TRY IT » Give again the lines from the line with "Cropped Viscose Top – Black" to the last line of the records, exactly and in full. Do not carry over any pictures.

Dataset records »
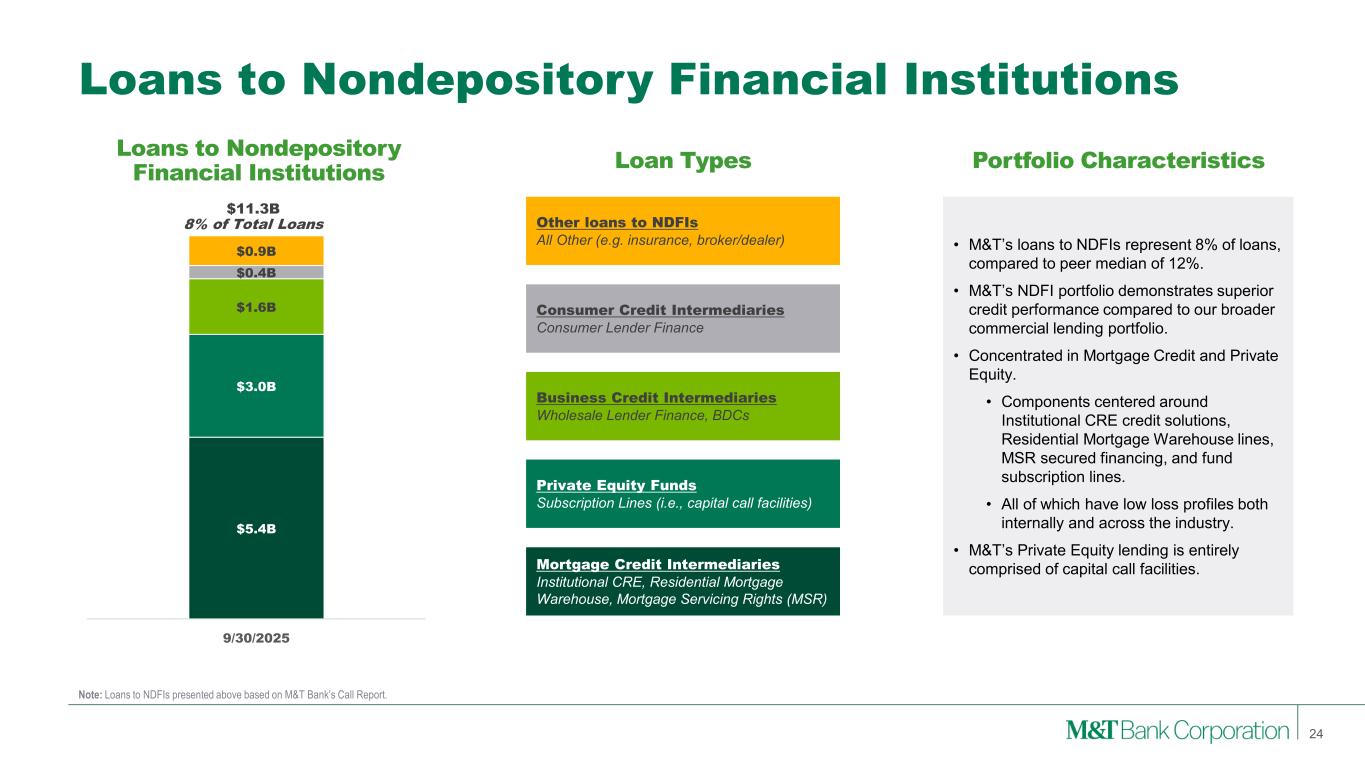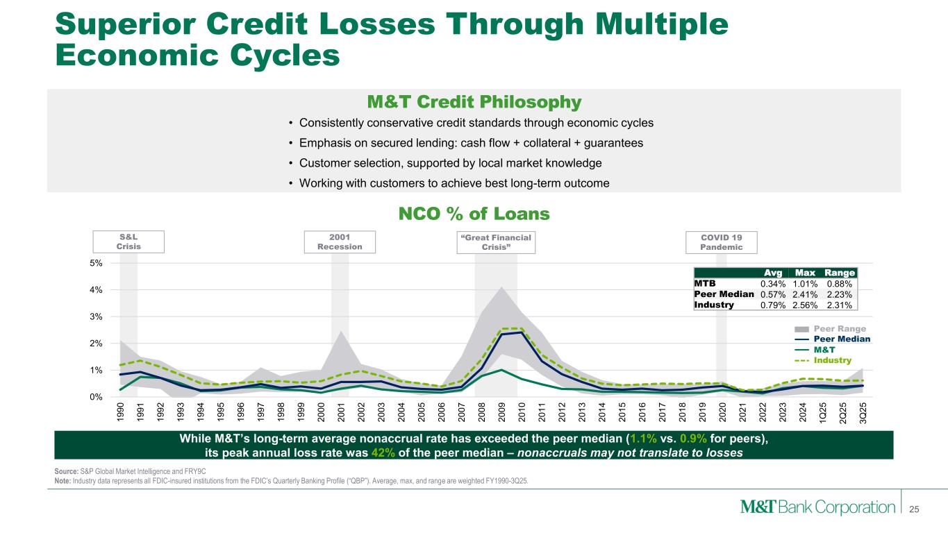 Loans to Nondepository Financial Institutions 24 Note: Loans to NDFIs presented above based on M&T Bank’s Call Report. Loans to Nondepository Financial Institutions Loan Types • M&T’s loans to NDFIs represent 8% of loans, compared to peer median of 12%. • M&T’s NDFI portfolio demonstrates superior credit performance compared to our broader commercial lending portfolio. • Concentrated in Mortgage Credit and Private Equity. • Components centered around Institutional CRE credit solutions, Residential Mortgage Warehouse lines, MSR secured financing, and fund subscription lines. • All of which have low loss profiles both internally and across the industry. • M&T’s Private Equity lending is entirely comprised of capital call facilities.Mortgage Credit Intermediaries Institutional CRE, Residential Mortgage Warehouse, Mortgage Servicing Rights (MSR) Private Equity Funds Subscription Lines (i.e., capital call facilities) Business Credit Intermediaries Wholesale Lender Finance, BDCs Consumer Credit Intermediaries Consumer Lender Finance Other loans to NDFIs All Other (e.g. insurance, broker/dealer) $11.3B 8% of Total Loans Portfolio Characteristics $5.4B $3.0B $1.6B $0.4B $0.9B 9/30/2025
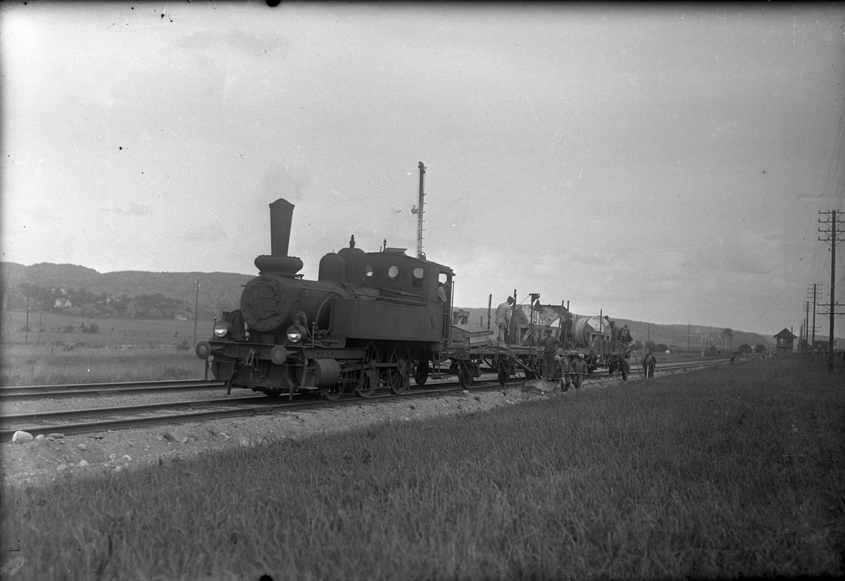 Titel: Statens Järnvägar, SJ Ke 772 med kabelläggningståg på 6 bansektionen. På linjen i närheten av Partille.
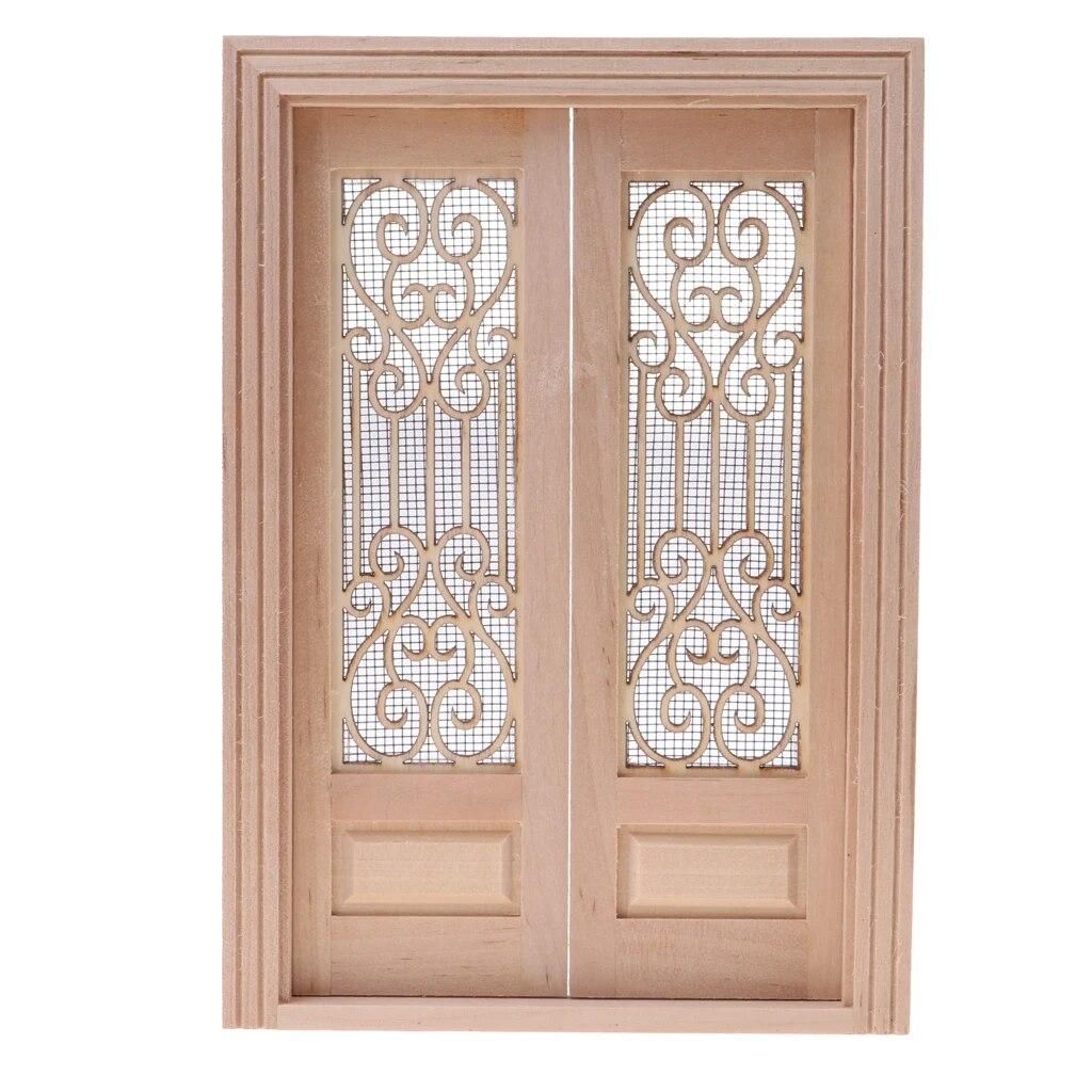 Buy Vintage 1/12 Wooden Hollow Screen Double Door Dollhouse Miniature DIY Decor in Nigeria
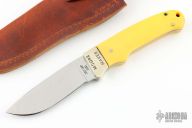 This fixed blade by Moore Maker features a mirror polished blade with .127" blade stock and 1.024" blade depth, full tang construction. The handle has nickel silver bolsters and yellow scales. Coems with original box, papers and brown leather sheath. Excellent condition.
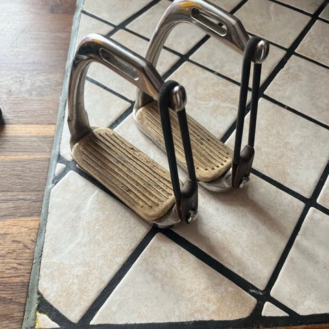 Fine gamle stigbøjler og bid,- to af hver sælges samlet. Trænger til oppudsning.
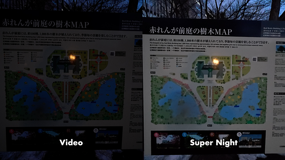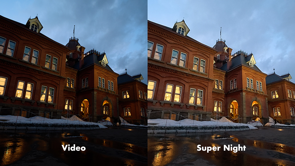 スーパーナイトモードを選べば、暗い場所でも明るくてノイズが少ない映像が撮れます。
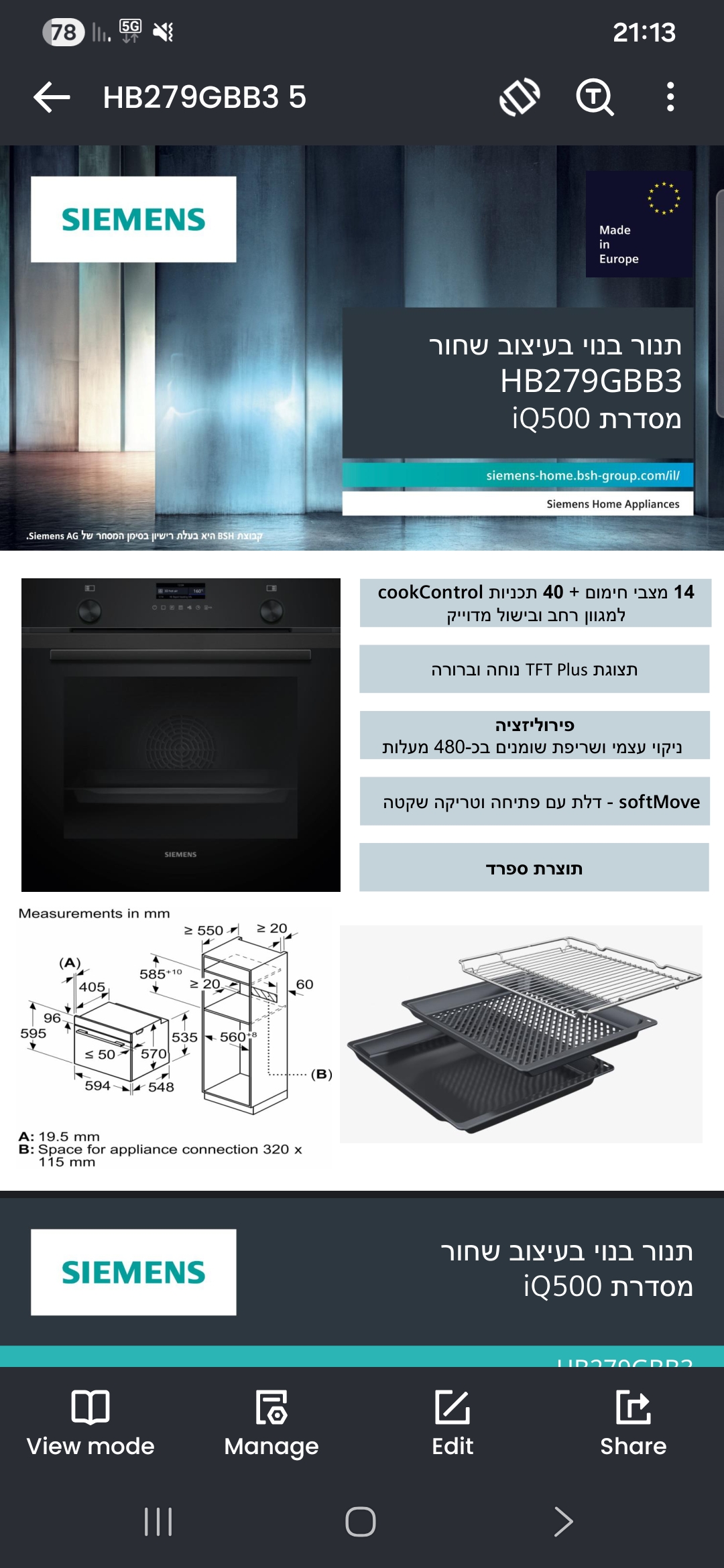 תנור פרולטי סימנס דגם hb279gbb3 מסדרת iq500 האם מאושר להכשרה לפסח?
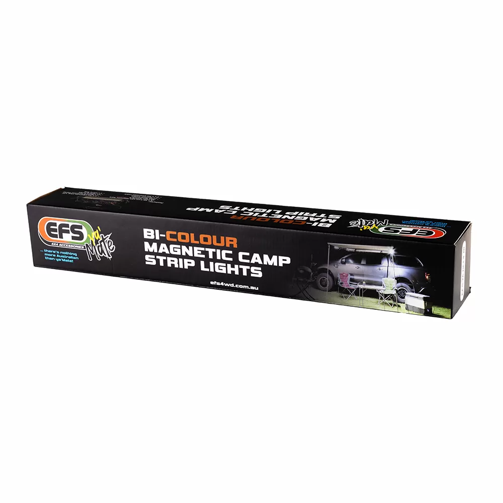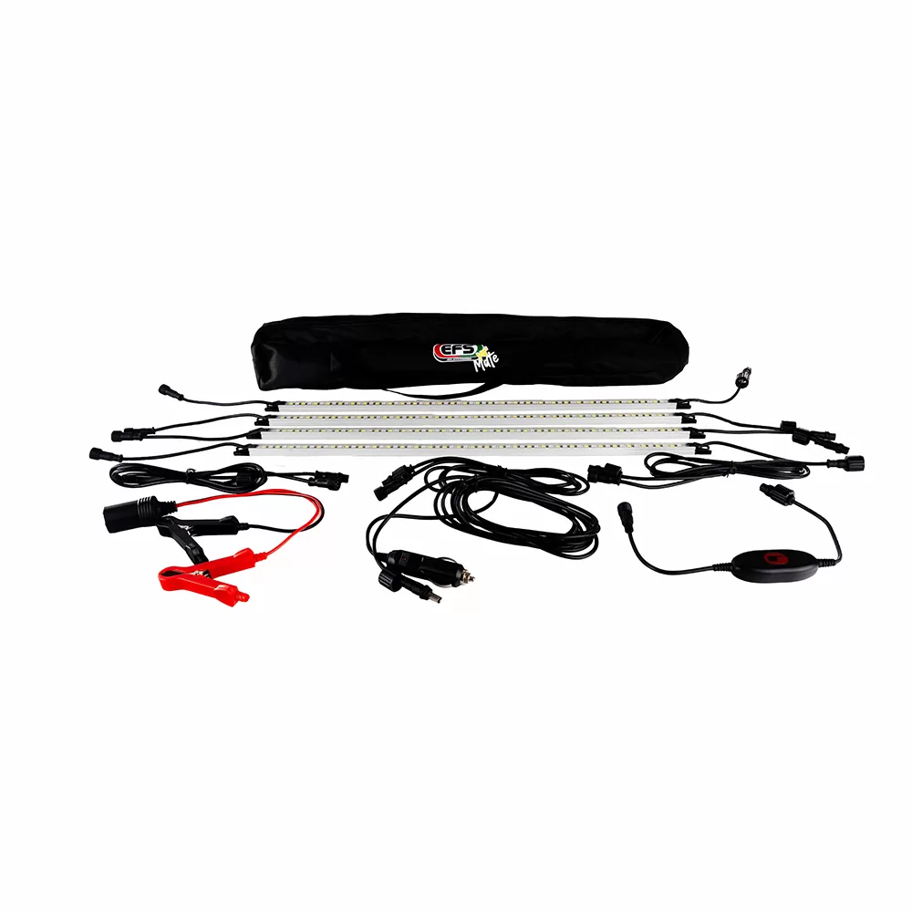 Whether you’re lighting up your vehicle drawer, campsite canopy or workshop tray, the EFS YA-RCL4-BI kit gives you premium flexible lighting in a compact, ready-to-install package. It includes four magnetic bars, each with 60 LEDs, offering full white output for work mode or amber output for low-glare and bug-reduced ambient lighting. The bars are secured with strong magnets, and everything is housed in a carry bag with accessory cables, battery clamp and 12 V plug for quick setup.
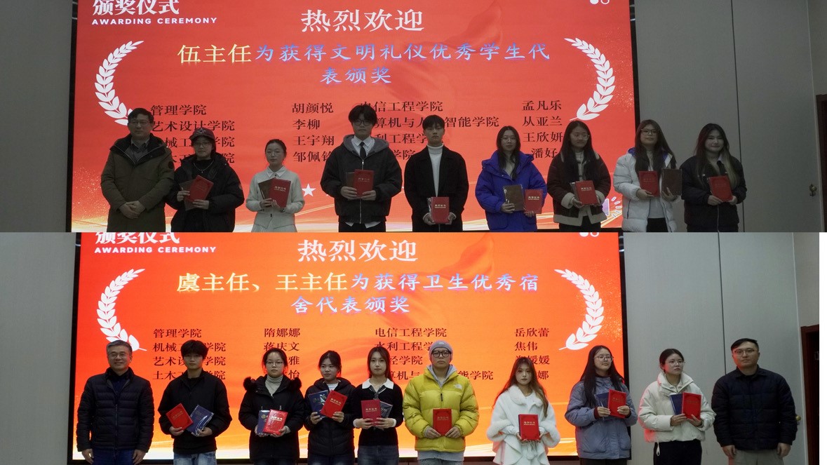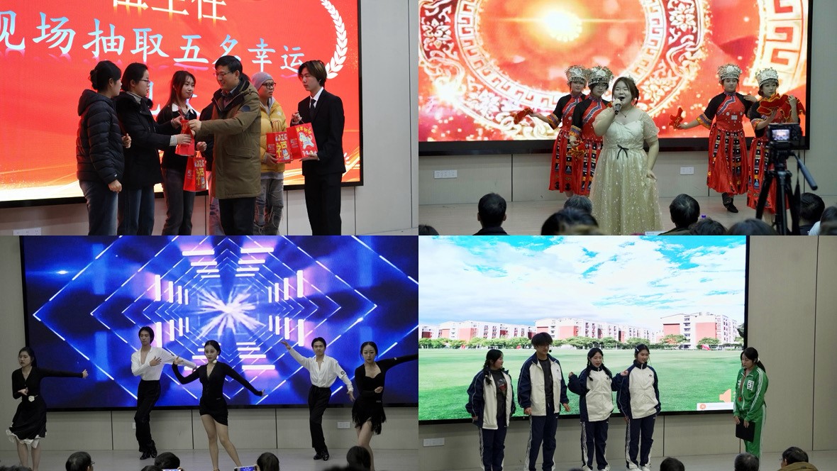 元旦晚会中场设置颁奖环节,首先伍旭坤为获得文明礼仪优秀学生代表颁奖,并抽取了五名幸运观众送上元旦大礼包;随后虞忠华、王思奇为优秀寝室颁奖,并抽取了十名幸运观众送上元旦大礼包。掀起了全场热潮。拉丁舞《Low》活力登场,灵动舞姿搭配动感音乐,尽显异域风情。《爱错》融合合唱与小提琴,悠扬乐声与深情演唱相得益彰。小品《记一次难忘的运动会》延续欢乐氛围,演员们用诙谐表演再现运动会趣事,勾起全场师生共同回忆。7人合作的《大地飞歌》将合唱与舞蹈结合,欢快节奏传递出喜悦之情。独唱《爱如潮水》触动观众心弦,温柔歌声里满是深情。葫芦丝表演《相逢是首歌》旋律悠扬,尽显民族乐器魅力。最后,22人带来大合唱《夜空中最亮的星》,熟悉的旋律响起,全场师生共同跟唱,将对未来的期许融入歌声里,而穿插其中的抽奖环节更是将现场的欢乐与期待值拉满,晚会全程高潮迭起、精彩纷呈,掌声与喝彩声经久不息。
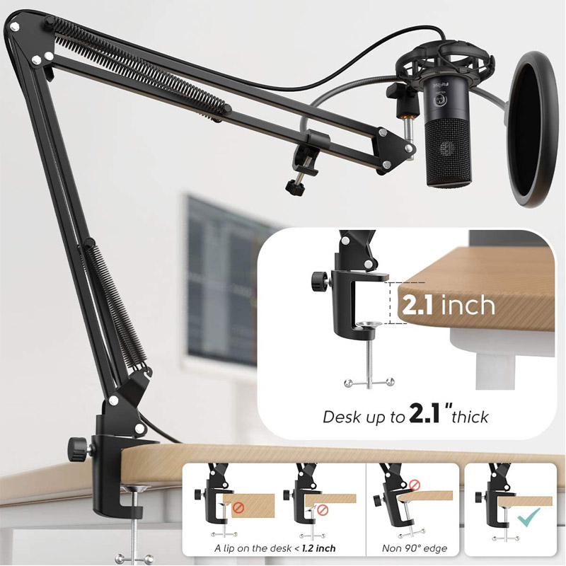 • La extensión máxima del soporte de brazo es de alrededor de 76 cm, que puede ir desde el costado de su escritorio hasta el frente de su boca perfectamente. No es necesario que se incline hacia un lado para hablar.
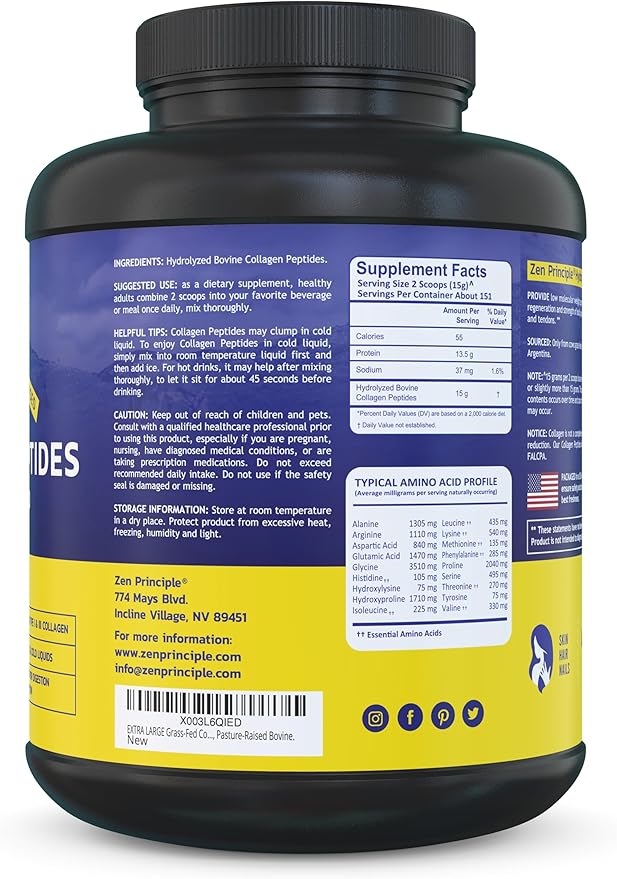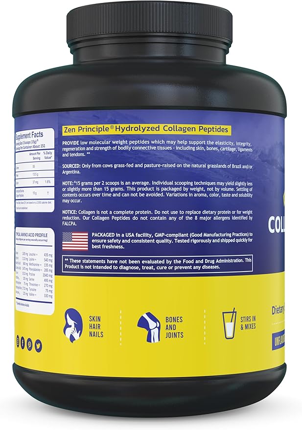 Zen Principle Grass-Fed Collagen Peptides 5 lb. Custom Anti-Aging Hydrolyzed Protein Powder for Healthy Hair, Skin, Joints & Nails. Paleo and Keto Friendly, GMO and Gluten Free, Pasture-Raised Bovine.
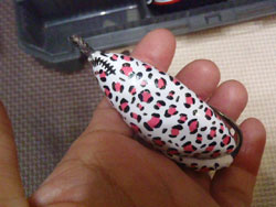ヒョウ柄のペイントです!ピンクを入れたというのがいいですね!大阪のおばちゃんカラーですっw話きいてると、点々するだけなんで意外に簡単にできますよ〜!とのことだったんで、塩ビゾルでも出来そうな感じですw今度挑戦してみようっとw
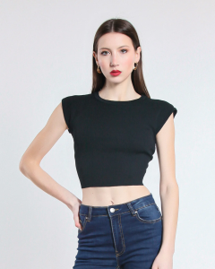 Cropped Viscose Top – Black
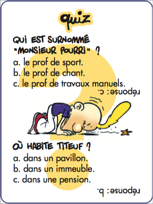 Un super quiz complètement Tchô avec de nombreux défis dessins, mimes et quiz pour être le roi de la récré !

PROBLEM SOLUTION »
 Cropped Viscose Top – Black
 Un super quiz complètement Tchô avec de nombreux défis dessins, mimes et quiz pour être le roi de la récré !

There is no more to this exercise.